AFM‐Based Hamaker Constant Determination with Blind Tip Reconstruction

Particle contamination of extreme ultraviolet (EUV) photomasks is one of the numerous challenges in nanoscale semiconductor fabrication, since it can lead to systematic device failures when disturbing patterns are projected repeatedly onto wafers during EUV exposure. Understanding adhesion of particle contamination is key in devising a strategy for cleaning of photomasks. In this work, particle contamination is treated as a particle‐plane problem in which surface roughness and the interacting materials have major influences. For this purpose, vacuum atomic force microscopy (AFM) contact measurements to quantify the van der Waals (vdW) forces between tip and sample are performed. This as a vacuum AFM‐based methodology that combines numerical Hamaker theory and blind tip reconstruction is introduced. The Hamaker constants of 15 × 10−20 J and 13 × 10−20 J for the material systems of a silicon (Si) tip with both aluminum oxide (Al2O3) and native silicon dioxide (SiO2) on Si substrates, respectively have been determined. These methodology allows an alternative, quick and low‐cost approach to characterize the Hamaker constant within the right order of magnitude for any material combination.
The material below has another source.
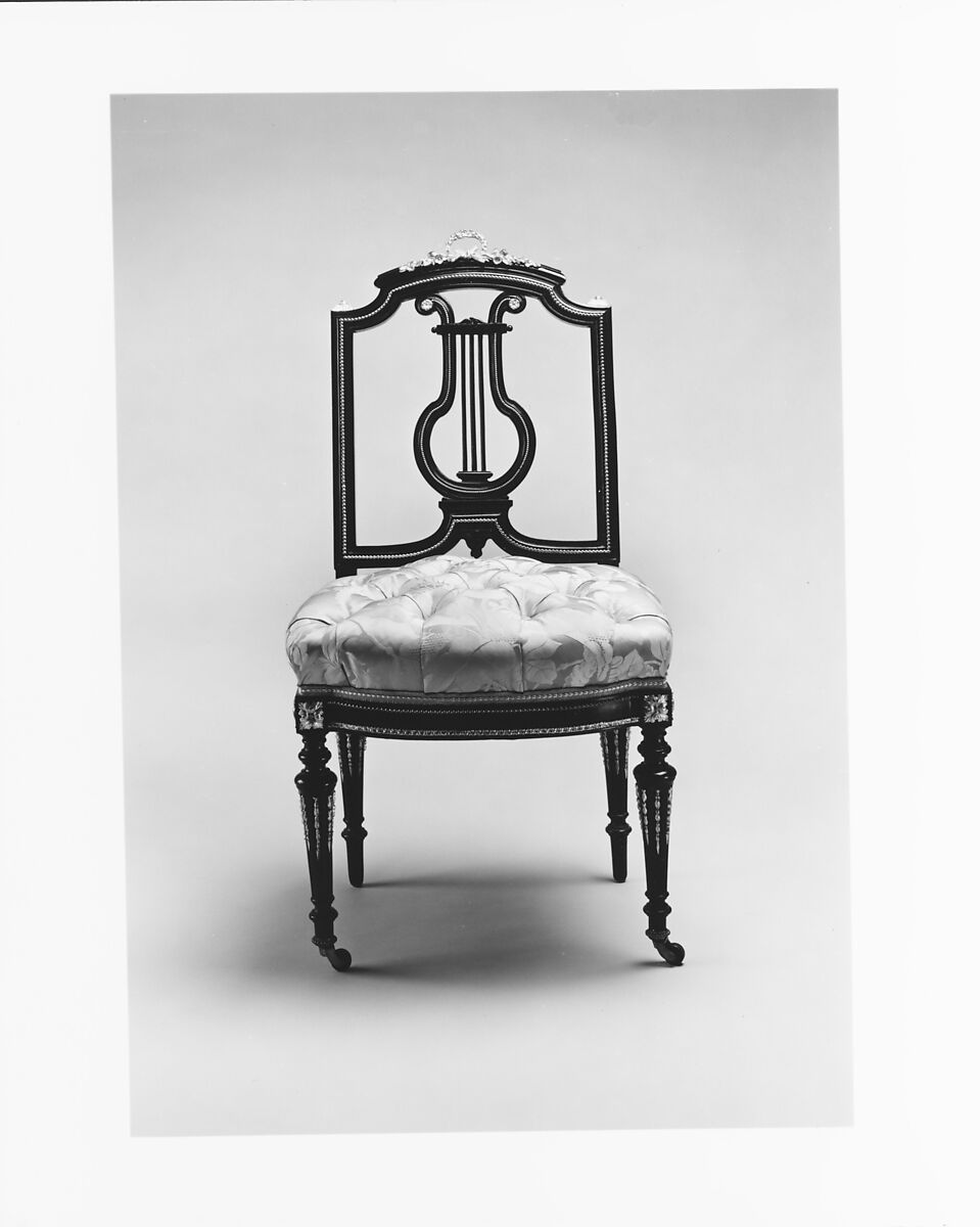 This side chair is part of a suite of Louis XVI–style furniture that John Taylor Johnston (1820–1893) purchased from the firm of Ringuet-Leprince and L. Marcotte in about 1856. This international firm had showrooms in both Paris and New York, and it is believed that at least some of the pieces of the suite were made in Paris for the New York commission. Johnston, a railroad executive and the first president of The Metropolitan Museum of Art, used the furniture in the music room of his residence at 8 Fifth Avenue. The suite (68.69.1–68.69.11, 68.165.1–68.165.6) includes two sofas, two armchairs, a table, two matching cabinets, a third large cabinet, six matching side chairs, a pair of lyre-back side chairs, and a firescreen. After Ringuet-Leprince retired in 1860, the firm became known as L. Marcotte and Company. Léon Marcotte was New York's most noted cabinetmaker and interior decorator during the 1860s.

This paper presents an alternative methodology for van der Waals force prediction of particles with any body‐shape and surface roughness. It is optimized for AFM measurements and combines numerical Hamaker theory with blind tip reconstruction. The quantification of interacting forces can lead to more efficient contamination particle removal, especially for EUV photomask cleaning in the semiconductor industry.